Олаф направил коня в кусты. Тот заупрямился, пришлось слезть и пробираться пешком. За кустами открылась поляна, посреди рос могучий дуб. Желуди были частью разгрызены, часть втоптали мелкие копытца, а кровавый след вел в кусты напротив. Олаф вломился по следам капель крови, почти сразу Владимир услышал довольный вопль.
Олаф вернулся с подсвинком поперек седла. Стрела торчала из левого бока.
– И шкуру сдеру, – пообещал Олаф, – и разделаю по всем правилам, а не так, как у вас, невежд… Это ж целое искусство – разделывать дичь благородно! А вы только стрелять умеете, дикий народ… Правда, стреляешь неплохо, неплохо. Ты еще стреляй по дороге, учись.
Владимир скалил зубы. Викинги не умеют метко бить из лука и ездить на конях, а бушующее море все как-то не попадается по дороге.

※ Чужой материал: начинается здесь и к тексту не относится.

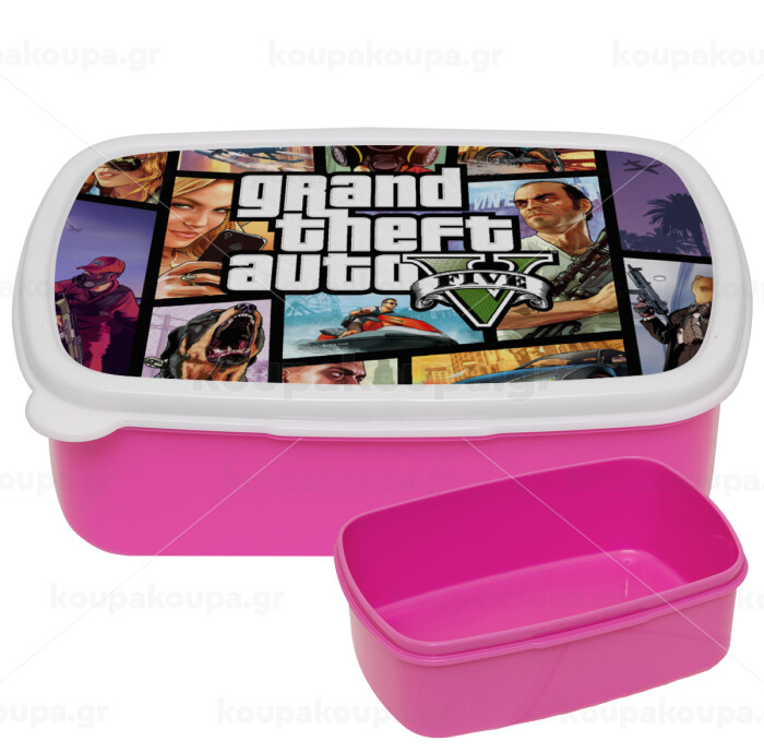 GTA V, ΡΟΖ παιδικό δοχείο φαγητού (lunchbox) πλαστικό (BPA-FREE) Lunch Βox M18 x Π13 x Υ6cm
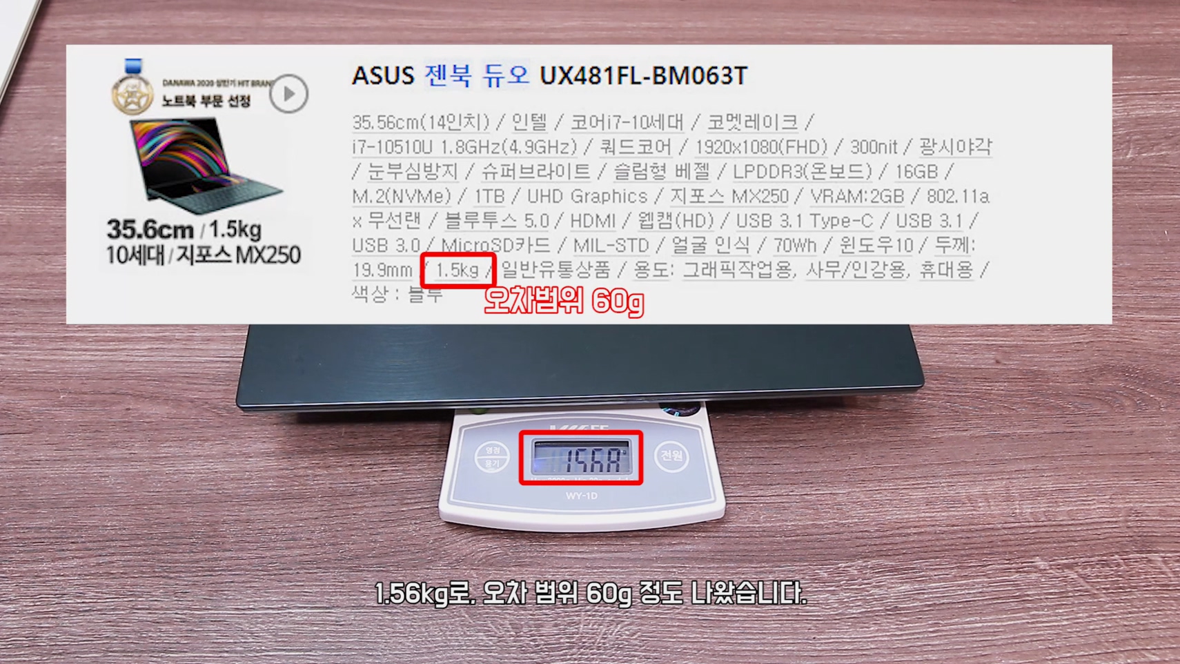 Asus 젠북 듀오는 1.56kg로, 오차 범위 60g 정도 나왔습니다.

Ну никак не показать себя во всей мужской красе!
К полудню подшиб еще рябчиков. Только одна стрела не отыскалась. Олаф умолк, посматривал задумчиво. Придется учить и стрельбе, понял Владимир.
После обеда, дав отдых коням, ехали все еще вдоль опушки. Проехали мимо веси, а когда были уже далеко, Олаф сказал вполголоса:
– Оглянись.
Далеко-далеко вздымалось небольшое пыльное облачко. Кто-то скакал во весь опор по пыльной дороге, куда уже недели две не падало ни капли дождя.
– Конь не рабочий, – определил Владимир. – Движется чересчур быстро.
– Уйдем в лес?
– Стоит ли… Похоже, скачет один.
– Думаешь, кто-то из людей конунга Ярополка?
Владимир повернул коня поперек дороги:
– Скачет младший дружинник.
Олаф хмыкнул:
– Тебе отсюда видно? А если старший?
– Младший, – определил Владимир уверенно. – Пусть догонит.
Олаф возразил уже с раздражением:
– Ты уж не ври, что видишь так далеко! Тогда у тебя глаз должен быть как у орла. Круглый.
– Сам ты круглый, – сказал Владимир хмуро. – Видишь, поблескивает искорка? Только младшие, получив шолом, носят его днем и ночью. Гордятся, чистят, перед девками бахвалятся. А старшие надевают только перед битвой, а так возят в обозе.
Олаф выругался. Он тоже видел искорку, что ползла по их следу. Даже очень отчетливо. И помнил, как бахвалился сам, когда впервые получил меч и щит, а железный шлем не хотел снимать даже во сне.
– Сколько тебе лет, Вольдемар?
– В дороге взрослеем быстрее, – ответил Владимир глухо.
Уже было видно скачущего всадника. Олаф сказал негромко:
– Он просто повернет и убежит.
– Ты бы убежал?
Олаф хмыкнул, отъехал на другую сторону дороги. Владимир видел, как поводья переложил в левую руку, а правой потянулся за дротиком. Это из лука викинги не стреляют, а копья научат бросать кого угодно!